EXERCISE MATERIALS below:

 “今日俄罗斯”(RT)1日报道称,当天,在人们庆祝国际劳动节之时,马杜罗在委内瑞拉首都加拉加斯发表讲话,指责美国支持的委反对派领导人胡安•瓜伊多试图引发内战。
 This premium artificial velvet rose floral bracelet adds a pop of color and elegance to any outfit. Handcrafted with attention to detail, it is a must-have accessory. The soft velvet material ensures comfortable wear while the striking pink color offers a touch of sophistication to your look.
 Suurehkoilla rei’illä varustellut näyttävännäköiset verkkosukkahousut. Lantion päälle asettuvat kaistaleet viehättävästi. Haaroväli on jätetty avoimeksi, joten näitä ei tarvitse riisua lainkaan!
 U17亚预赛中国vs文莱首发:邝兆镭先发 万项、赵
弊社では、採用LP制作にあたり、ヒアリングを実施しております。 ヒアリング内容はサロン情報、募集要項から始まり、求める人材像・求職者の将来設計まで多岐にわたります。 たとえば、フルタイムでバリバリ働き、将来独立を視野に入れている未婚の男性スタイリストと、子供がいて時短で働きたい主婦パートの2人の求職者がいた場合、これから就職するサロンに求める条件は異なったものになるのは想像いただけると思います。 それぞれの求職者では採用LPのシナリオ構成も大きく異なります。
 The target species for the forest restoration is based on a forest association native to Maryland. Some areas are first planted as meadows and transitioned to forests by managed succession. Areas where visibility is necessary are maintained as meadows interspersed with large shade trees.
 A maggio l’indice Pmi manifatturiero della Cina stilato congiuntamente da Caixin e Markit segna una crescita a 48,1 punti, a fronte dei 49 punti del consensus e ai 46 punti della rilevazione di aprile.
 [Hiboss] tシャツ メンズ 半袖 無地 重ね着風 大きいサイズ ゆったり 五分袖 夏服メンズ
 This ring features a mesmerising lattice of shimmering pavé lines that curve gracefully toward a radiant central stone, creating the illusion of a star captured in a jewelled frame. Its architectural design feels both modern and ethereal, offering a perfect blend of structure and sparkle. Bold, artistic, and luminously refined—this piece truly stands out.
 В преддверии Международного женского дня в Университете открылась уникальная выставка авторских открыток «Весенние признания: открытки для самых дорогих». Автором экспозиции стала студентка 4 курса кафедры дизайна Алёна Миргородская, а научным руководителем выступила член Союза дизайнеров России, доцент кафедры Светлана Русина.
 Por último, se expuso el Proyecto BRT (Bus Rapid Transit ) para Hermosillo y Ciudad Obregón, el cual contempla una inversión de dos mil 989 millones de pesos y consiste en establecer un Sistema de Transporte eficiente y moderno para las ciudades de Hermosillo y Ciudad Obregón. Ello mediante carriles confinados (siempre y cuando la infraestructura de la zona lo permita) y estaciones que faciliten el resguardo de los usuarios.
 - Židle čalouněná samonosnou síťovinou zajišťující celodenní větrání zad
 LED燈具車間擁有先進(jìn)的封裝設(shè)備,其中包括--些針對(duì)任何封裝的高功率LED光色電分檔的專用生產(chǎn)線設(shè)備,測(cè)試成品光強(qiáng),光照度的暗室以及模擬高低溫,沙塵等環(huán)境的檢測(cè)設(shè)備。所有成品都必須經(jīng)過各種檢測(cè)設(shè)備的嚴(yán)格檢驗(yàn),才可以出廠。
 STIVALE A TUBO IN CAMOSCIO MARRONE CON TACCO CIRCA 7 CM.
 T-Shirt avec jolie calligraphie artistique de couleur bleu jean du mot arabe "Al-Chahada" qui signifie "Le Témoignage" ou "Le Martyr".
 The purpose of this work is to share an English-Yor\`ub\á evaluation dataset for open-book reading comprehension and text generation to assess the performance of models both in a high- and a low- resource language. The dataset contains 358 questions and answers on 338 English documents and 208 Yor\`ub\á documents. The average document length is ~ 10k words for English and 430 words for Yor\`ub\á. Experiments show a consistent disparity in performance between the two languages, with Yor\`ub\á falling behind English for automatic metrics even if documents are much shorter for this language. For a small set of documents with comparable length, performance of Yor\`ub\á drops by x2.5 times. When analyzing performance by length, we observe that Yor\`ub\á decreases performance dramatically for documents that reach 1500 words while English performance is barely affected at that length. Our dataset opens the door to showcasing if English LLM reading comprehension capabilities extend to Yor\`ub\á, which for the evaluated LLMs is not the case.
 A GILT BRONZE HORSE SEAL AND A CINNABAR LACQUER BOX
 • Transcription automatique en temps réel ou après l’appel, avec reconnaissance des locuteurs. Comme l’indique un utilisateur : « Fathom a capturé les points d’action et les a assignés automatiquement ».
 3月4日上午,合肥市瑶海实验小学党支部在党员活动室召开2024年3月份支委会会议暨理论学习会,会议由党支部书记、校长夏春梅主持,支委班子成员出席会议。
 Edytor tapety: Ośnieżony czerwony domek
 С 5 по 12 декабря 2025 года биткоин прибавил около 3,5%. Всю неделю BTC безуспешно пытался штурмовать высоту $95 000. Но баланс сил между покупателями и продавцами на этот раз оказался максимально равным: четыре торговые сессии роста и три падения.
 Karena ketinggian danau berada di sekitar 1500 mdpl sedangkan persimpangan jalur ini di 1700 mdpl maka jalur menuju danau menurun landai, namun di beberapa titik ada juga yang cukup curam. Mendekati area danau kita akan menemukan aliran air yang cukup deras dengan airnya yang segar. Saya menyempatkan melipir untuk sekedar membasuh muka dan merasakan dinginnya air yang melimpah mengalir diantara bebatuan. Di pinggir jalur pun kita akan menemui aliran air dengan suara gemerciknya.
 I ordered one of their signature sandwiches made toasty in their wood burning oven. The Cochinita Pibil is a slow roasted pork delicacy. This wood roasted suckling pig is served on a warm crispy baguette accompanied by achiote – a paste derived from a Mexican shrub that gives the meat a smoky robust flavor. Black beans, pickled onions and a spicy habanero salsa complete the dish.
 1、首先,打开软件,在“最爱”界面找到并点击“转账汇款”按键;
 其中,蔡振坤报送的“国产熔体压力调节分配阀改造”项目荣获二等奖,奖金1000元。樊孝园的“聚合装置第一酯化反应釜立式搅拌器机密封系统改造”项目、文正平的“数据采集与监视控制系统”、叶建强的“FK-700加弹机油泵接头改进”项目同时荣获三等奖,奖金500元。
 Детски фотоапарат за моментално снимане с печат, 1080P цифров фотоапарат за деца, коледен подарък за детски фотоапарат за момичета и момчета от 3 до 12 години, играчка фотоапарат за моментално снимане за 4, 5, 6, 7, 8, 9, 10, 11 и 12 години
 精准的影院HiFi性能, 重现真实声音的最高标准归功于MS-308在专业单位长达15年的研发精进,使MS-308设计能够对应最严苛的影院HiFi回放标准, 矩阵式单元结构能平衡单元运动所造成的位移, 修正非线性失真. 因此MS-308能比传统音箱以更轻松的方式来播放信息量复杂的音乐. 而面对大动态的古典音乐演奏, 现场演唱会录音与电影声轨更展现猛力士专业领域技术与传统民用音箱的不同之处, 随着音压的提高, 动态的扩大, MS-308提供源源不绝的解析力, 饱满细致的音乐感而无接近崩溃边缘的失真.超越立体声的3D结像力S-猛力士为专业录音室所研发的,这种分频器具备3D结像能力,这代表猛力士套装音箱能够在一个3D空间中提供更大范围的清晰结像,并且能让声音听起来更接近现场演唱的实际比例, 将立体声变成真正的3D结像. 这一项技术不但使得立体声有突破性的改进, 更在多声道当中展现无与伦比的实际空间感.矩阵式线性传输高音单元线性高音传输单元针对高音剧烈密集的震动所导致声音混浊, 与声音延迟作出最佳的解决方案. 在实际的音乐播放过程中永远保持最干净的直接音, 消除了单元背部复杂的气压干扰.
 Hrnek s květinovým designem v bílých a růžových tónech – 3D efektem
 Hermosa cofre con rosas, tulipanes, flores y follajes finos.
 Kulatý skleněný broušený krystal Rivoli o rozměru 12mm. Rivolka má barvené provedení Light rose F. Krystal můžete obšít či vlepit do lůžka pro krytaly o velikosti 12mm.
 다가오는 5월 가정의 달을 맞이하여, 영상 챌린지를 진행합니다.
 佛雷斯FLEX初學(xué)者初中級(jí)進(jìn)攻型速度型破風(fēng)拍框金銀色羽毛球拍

End of EXERCISE MATERIALS.

GOAL OF THE EXERCISE:
Starting with the line that holds "I ordered one" and ending with the line that holds "Детски фотоапарат за моментално", retype every line in the data above exactly, and nothing else.

WRITTEN RESPONSE:
 I ordered one of their signature sandwiches made toasty in their wood burning oven. The Cochinita Pibil is a slow roasted pork delicacy. This wood roasted suckling pig is served on a warm crispy baguette accompanied by achiote – a paste derived from a Mexican shrub that gives the meat a smoky robust flavor. Black beans, pickled onions and a spicy habanero salsa complete the dish.
 1、首先,打开软件,在“最爱”界面找到并点击“转账汇款”按键;
 其中,蔡振坤报送的“国产熔体压力调节分配阀改造”项目荣获二等奖,奖金1000元。樊孝园的“聚合装置第一酯化反应釜立式搅拌器机密封系统改造”项目、文正平的“数据采集与监视控制系统”、叶建强的“FK-700加弹机油泵接头改进”项目同时荣获三等奖,奖金500元。
 Детски фотоапарат за моментално снимане с печат, 1080P цифров фотоапарат за деца, коледен подарък за детски фотоапарат за момичета и момчета от 3 до 12 години, играчка фотоапарат за моментално снимане за 4, 5, 6, 7, 8, 9, 10, 11 и 12 години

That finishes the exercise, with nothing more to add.